William rimane in silenzio, ma mi osserva con la sua solita calma.

«Dafne è ancora troppo piccola...»

«Ma le hai già messo gli occhi addosso, non è vero?»

Ecco. Solo ora le sue iridi brillano. Non durante una scopata ma al pensiero di avere lei, che macabro risvolto... ma quello che ci si aspetta, da un ricco e depravato ragazzo come lui.

Dimostra quasi di aver vissuto cento età diverse. Forse, la colpa è del padre. Il signor Lee gli ha fatto vivere di tutto, tra cui il trauma di quella festa di compleanno degli undici anni.

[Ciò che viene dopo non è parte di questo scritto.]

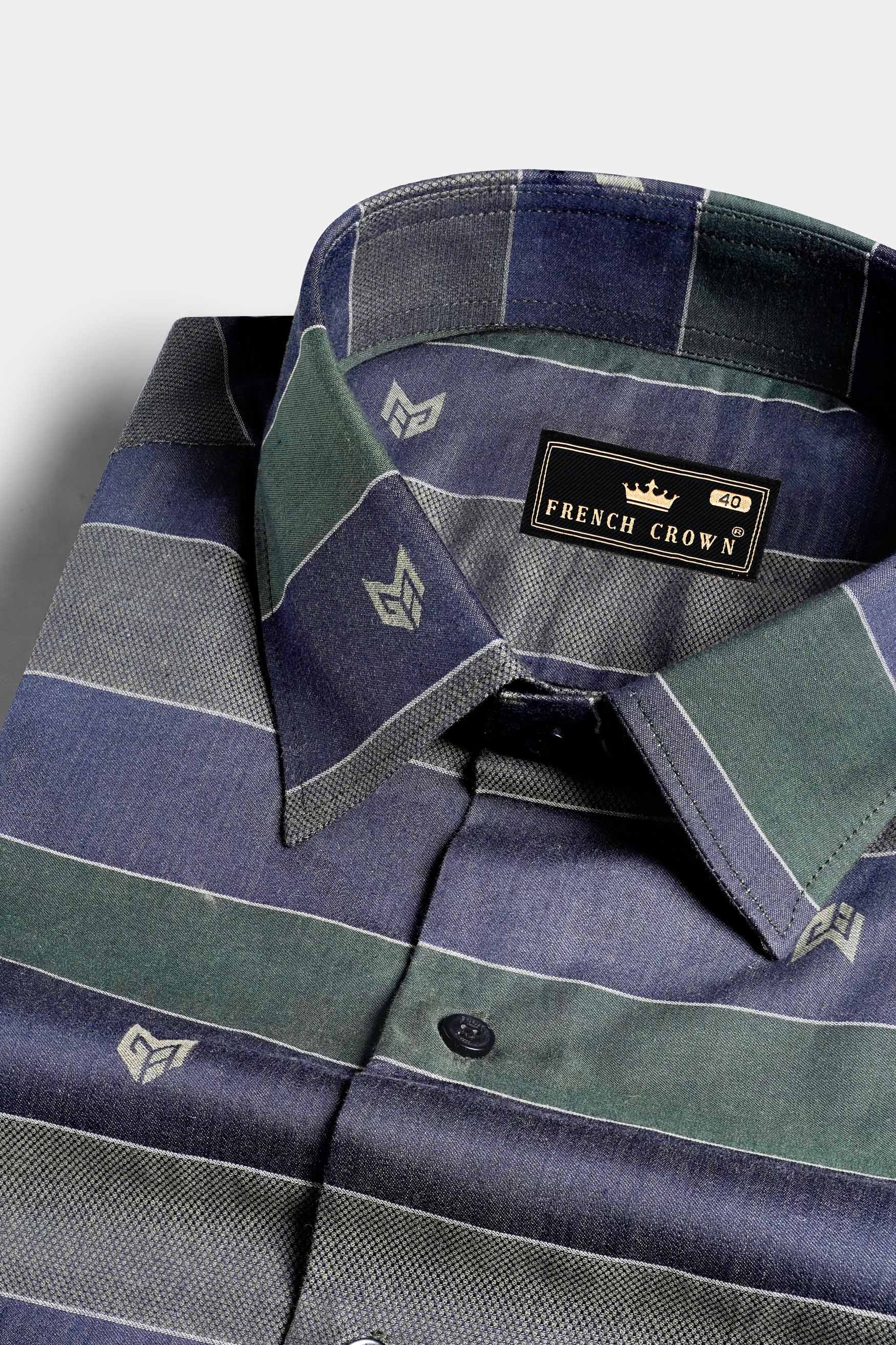 Schooner Brown with Nandor Green and Ebony Clay Blue Jacquard Textured Premium Giza Cotton ShirtSchooner Brown with Nandor Green and Ebony Clay Blue Jacquard Textured Premium Giza Cotton Shirt
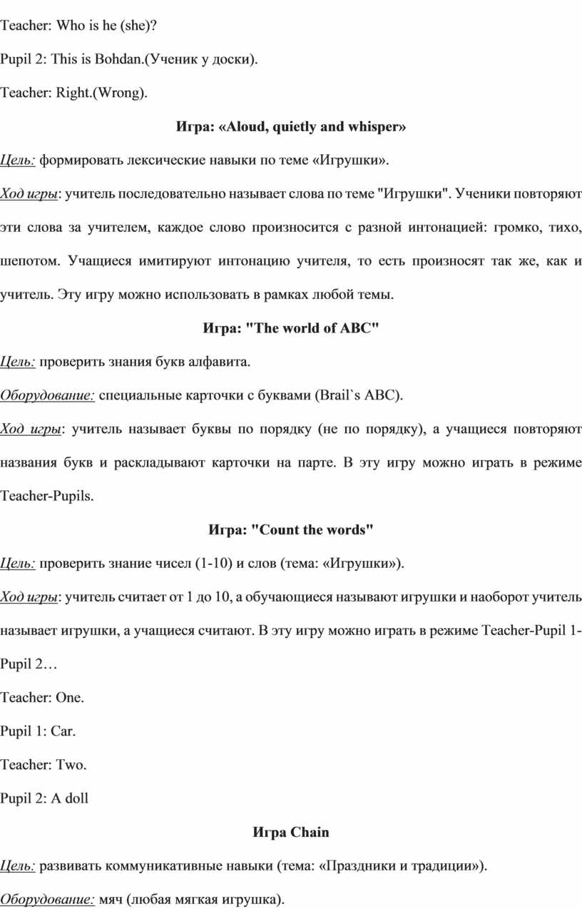 Ход игры: учитель последовательно называет слова по теме "Игрушки". Ученики повторяют эти слова за учителем, каждое слово произносится с разной интонацией: громко, тихо, шепотом. Учащиеся имитируют интонацию учителя, то есть произносят так же, как и учитель. Эту игру можно использовать в рамках любой темы.

Me ne ha parlato, più di una volta, quasi in maniera ossessiva. Il primo giorno che gli era stata data in mano un'arma e la possibilità di uccidere.

Aveva afferrato entrambe. Stupido divertimento da ricchi.

«Ci sono altre cose più importanti di questa» commenta, scorrendo con le dita dal mio collo al mio torace lungo quella linea invisibile che lo connette all'ombelico e quindi al mio pube. Si sofferma prima di quest'ultima tratta, fissandomi negli occhi per ottenere ciò che suo padre ha richiesto a entrambi. «Come sta andando il commercio della droga?»